У него была лошадь и повозка, и он платил за место в конюшне; теперь повозка подъехала к воротам. Он услышал, как закрылась входная дверь. Жена и дочь собрались ехать в деревню. Окно в комнате было открыто, и ветер задувал внутрь и струился вдоль тела. У их ближайшего соседа был сад, он выращивал цветы. Воздух с улицы полнился благоуханием. Все звуки были мягкими, негромкими. Чирикали воробьи. Большое крылатое насекомое приземлилось на оконную сетку и медленно поползло вверх. Где-то вдали зазвонил паровозный колокол. Быть может, именно там, рядом с его фабрикой, где сейчас сидит за своим столом Натали. Он повернулся поглядеть на медленно карабкающееся по сетке крылатое существо. Маленькие голоса, живущие в твоем теле, не все говорят всерьез. Порой они играют, как дети. Один из голосов уверял его, что глаза насекомого обращены на него и преисполнены одобрения. А вот насекомое заговорило.
— Ну ты и чучело, — сказало оно. — Ишь разоспался!
Паровозный колокол все еще был слышен, его звон доносился издалека и звучал так нежно. «Расскажу Натали о том, что мне шепнул этот крылатый братец», — подумал он и улыбнулся потолку. Его щеки залились румянцем, и он тихо заснул, положив ладонь под голову, как делают дети.
3
Час спустя он проснулся — и на мгновение испугался. Джон Уэбстер обвел взглядом комнату и подумал, уж не захворал ли он.
Потом его глаза приступили к описи мебели, которой была обставлена комната. Ему ничего не нравилось. Неужто он прожил двадцать лет в окружении этих вещей? Вне всякого сомнения, они были в отличном состоянии. Но он мало что понимал во всем этом. Да и кто понимал. Его поразила мысль, что в Америке вообще считай никто не задумывается по-настоящему о доме, в котором живет, об одежде, которую носит. Люди готовы проживать свою долгую жизнь, не предпринимая ни малейших усилий для того, чтобы украсить собственные тела, сделать уютными и исполненными значения эти здания — свои жилища. Его собственная одежда висела на стуле — туда он бросил ее, когда вошел в комнату. Сейчас он поднимется и натянет ее опять. С тех пор, как Уэбстер достиг зрелости, он тысячу раз проигрывал эту сцену с облачением своего тела в одежду — и делал это бездумно. Вещи эти были куплены походя, в каком-то случайном магазине. Кто их пошил? Какая мысль крылась за тем, чтобы пошить их, или за тем, чтобы их носить? Он взглянул на свое лежащее на постели тело. Одежда могла бы обернуться вокруг него, спрятать его.
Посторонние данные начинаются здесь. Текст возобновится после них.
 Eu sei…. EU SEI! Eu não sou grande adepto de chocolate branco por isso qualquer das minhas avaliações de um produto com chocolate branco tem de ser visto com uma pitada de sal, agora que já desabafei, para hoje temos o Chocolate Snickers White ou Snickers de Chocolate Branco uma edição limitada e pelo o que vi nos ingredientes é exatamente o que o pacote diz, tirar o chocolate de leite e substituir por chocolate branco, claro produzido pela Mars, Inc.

Еще одна мысль возникла в его разуме, зазвенела над просторами его разума будто колокол, чей голос доносится из-за лугов: «Живое или неживое — нелюбимое не может быть прекрасно».
Вскочив с постели, он порывисто оделся, поспешно вышел из комнаты и побежал вниз по лестнице. На самой последней ступеньке он остановился. Он вдруг почувствовал себя таким старым и уставшим — может, и не стоит лезть из кожи вон, чтобы вернуться на фабрику. В его присутствии нет никакой необходимости. Все и без него идет как по маслу. Натали обо всем позаботится.
«Хорошенькое будет дело, если я, деловой и уважаемый человек, при жене и взрослой дочери, втяну самого себя в интрижку с Натали Шварц, дочерью типа, который, покуда был жив, владел паршивым баром, и этой жуткой ирландской старухи, этого бельма на глазу у всего города, которая, когда хлебнет лишку, говорит и кричит такое, что соседи грозят ей полицией и не исполняют своих угроз только из жалости к ее дочерям. Чтобы устроиться в жизни достойно, можешь работать как проклятый, и все равно одной оплошности будет довольно, чтобы все пошло прахом, вот ведь какая история. Мне надо понаблюдать за собой. Я заработался. Может, стоит взять отпуск. Я не желаю пускать все коту под хвост», — думал он. Весь день с ним и творилось невесть что, и все-таки он не выдал себя ни единым словом — тут было чему порадоваться.
Он стоял, положив ладонь на перила. В конце концов, в последние два-три часа у него ушло много сил на раздумья. «Я не тратил время попусту».
Вот что еще пришло ему в голову. После женитьбы он понял, что жену пугают и отталкивают любые порывы страсти, и из-за этого не получал особенного удовольствия от ее любви; и тогда он воспитал у себя привычку отправляться в тайные экспедиции. Сбежать всегда оказывалось достаточно легко. Он говорил жене, будто уезжает по делам. Потом ехал куда-нибудь, обычно в Чикаго. Там он селился не в больших отелях, а в каких-нибудь незаметных уголках, в безлюдных переулках.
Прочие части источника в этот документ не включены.